··· DATA ···

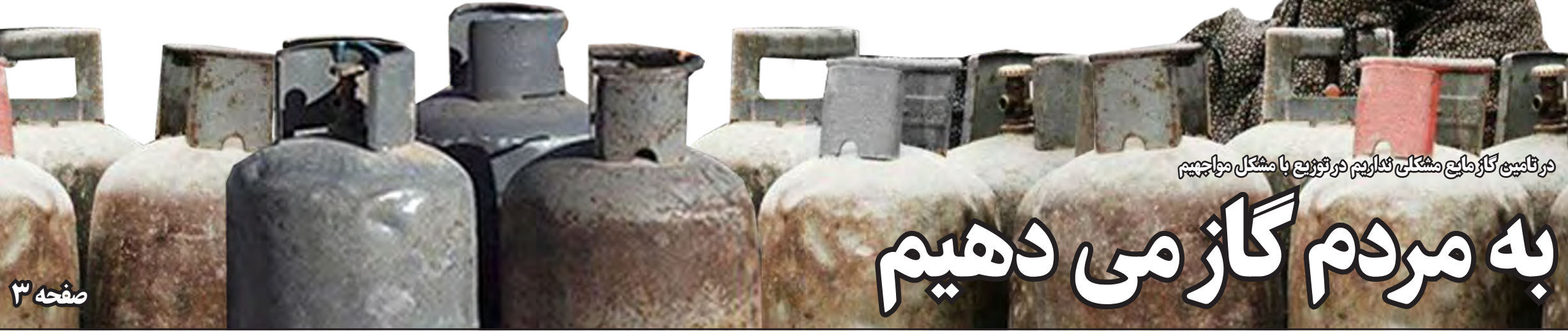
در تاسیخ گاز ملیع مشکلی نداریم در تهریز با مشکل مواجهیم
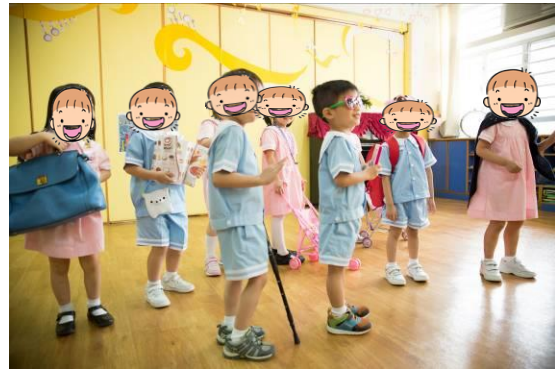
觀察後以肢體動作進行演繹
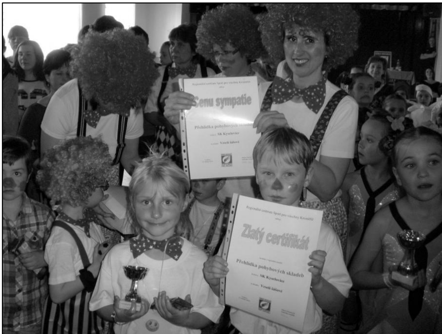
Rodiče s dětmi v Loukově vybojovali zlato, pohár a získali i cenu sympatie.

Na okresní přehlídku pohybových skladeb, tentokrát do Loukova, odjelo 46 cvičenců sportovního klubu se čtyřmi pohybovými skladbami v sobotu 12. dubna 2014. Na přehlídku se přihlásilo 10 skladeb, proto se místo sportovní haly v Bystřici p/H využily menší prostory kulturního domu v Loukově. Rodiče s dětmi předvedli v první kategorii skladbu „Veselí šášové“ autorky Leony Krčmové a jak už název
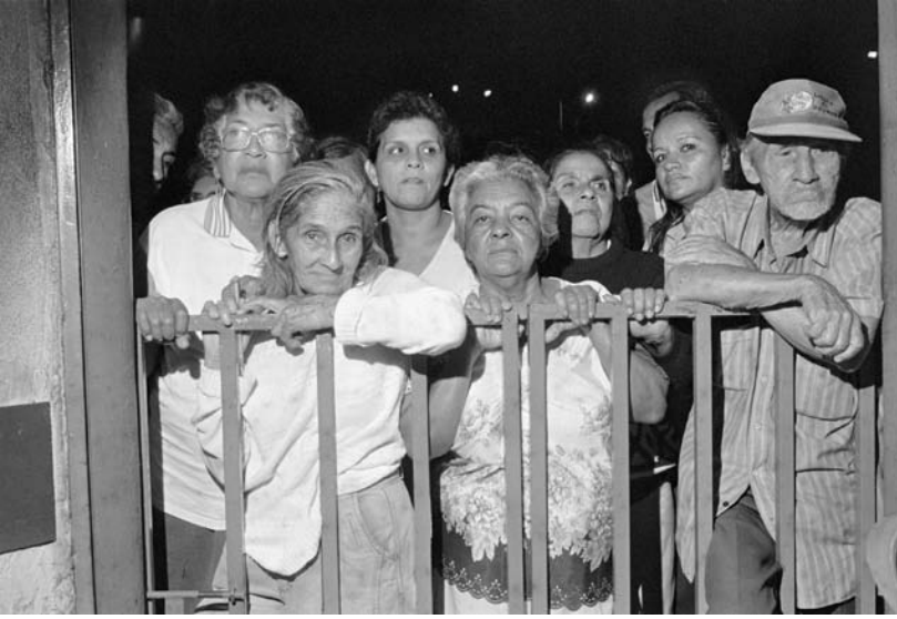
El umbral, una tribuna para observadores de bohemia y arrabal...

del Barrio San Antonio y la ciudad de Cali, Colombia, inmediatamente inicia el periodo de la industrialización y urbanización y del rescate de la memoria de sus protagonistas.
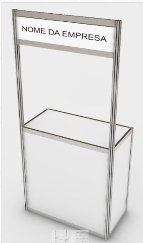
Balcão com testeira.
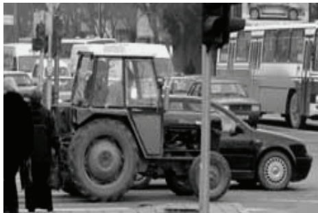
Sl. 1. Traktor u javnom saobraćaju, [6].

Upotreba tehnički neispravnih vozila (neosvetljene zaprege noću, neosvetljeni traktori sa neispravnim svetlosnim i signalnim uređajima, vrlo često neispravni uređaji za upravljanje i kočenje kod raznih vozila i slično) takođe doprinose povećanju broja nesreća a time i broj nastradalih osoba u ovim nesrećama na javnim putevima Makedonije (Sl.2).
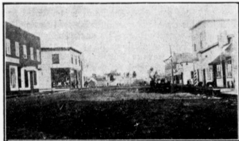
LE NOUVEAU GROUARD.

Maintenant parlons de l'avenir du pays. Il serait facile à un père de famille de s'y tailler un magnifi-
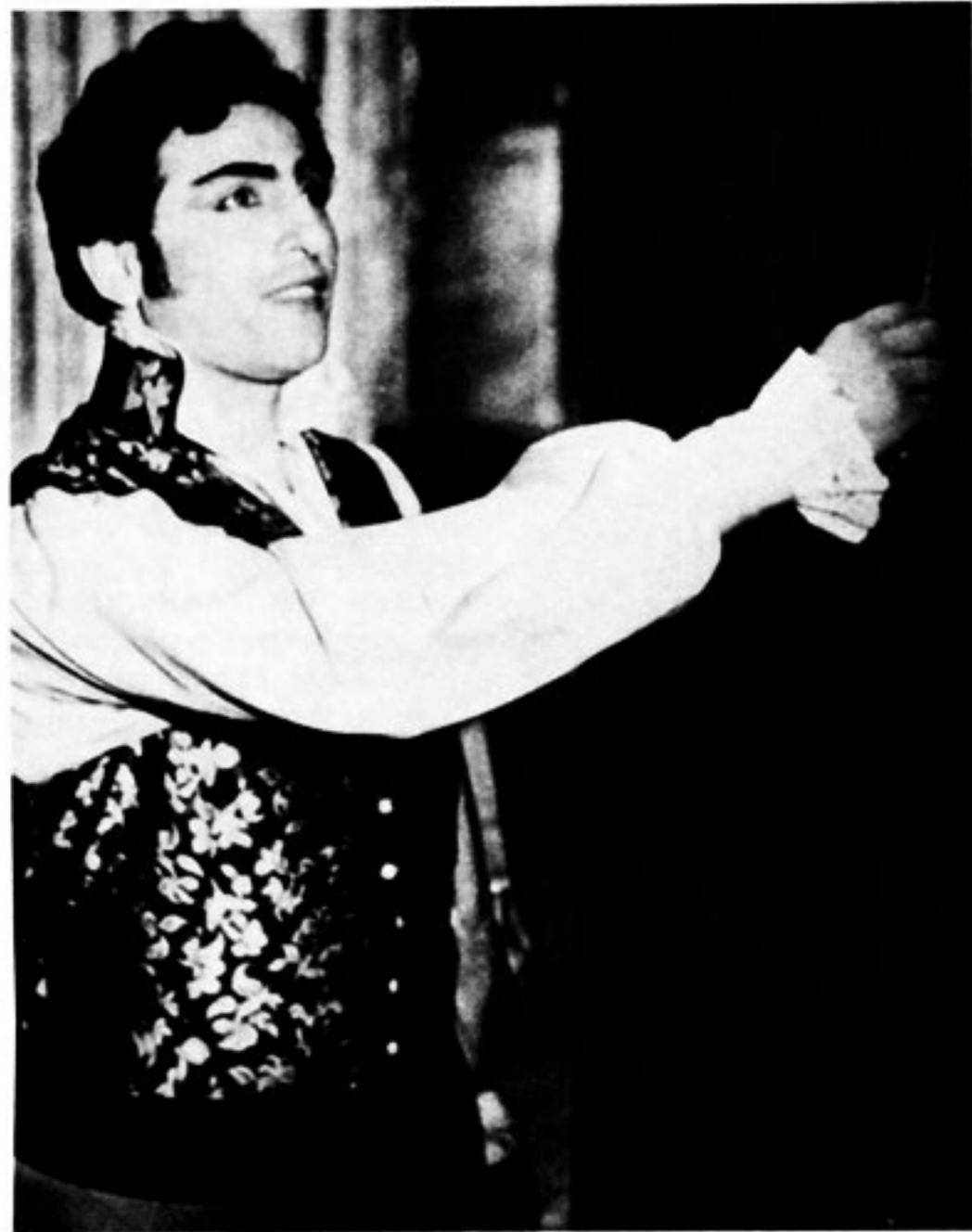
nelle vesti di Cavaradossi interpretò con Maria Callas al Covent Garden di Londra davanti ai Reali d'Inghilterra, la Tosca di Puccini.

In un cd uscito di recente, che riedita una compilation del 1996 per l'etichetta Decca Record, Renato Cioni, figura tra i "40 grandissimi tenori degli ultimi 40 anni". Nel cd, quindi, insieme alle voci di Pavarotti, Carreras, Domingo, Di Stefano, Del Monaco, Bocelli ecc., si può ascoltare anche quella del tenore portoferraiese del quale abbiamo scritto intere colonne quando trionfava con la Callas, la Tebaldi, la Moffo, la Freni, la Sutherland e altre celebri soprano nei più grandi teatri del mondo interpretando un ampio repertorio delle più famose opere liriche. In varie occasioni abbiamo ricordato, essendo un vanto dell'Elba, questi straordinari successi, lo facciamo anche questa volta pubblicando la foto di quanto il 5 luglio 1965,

···
··· DATA ···

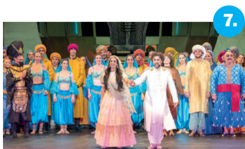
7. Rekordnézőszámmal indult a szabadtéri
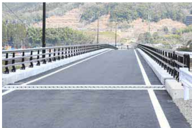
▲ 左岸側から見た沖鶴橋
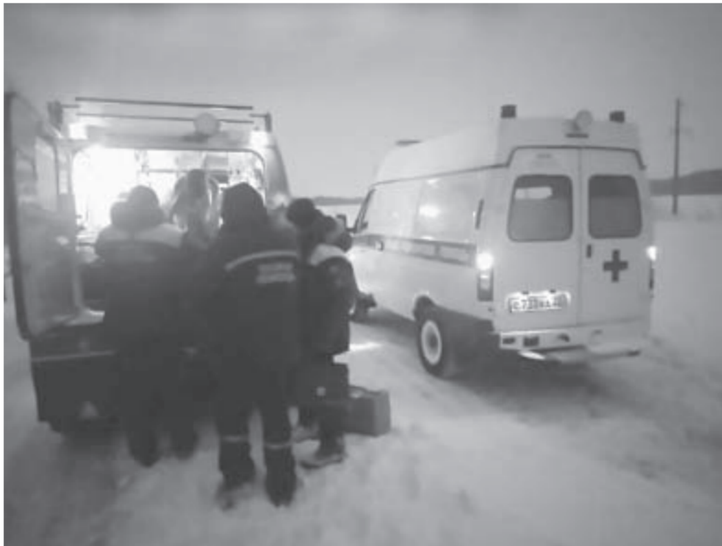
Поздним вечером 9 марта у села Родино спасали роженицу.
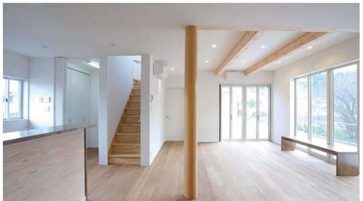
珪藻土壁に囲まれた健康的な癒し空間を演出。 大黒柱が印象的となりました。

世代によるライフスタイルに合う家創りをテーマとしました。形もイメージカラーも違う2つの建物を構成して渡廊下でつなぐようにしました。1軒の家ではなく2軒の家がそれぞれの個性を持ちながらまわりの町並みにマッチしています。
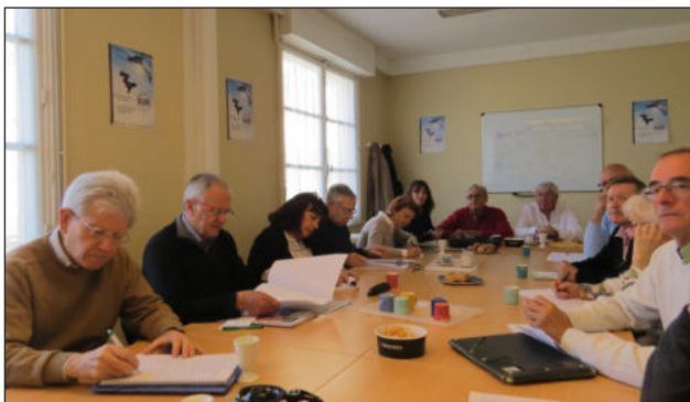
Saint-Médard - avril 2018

···
··· DATA ···

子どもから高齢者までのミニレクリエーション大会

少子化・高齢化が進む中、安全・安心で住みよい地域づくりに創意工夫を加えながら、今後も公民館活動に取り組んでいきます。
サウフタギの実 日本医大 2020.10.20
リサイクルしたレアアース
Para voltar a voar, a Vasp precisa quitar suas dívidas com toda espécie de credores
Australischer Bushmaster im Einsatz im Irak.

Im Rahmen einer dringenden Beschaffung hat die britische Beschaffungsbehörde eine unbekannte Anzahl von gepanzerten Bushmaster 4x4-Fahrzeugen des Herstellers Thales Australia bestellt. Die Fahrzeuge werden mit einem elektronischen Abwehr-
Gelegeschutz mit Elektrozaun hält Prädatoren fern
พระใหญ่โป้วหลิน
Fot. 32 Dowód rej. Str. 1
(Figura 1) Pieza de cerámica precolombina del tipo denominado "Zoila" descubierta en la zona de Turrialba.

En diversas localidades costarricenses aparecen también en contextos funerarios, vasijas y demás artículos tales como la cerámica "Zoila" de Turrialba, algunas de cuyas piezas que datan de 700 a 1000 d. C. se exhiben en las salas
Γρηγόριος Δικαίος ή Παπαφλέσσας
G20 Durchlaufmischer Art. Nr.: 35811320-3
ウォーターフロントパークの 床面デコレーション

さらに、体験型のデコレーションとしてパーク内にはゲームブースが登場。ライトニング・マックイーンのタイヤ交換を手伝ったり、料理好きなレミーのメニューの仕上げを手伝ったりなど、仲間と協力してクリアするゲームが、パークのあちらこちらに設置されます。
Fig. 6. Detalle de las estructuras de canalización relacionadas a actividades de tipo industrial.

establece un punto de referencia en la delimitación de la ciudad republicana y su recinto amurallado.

···

### [TASK ITEM]
Using the material above, work out how many lines hold the word "Callas". Reply with that number alone.

### [RESPONSE AREA]
2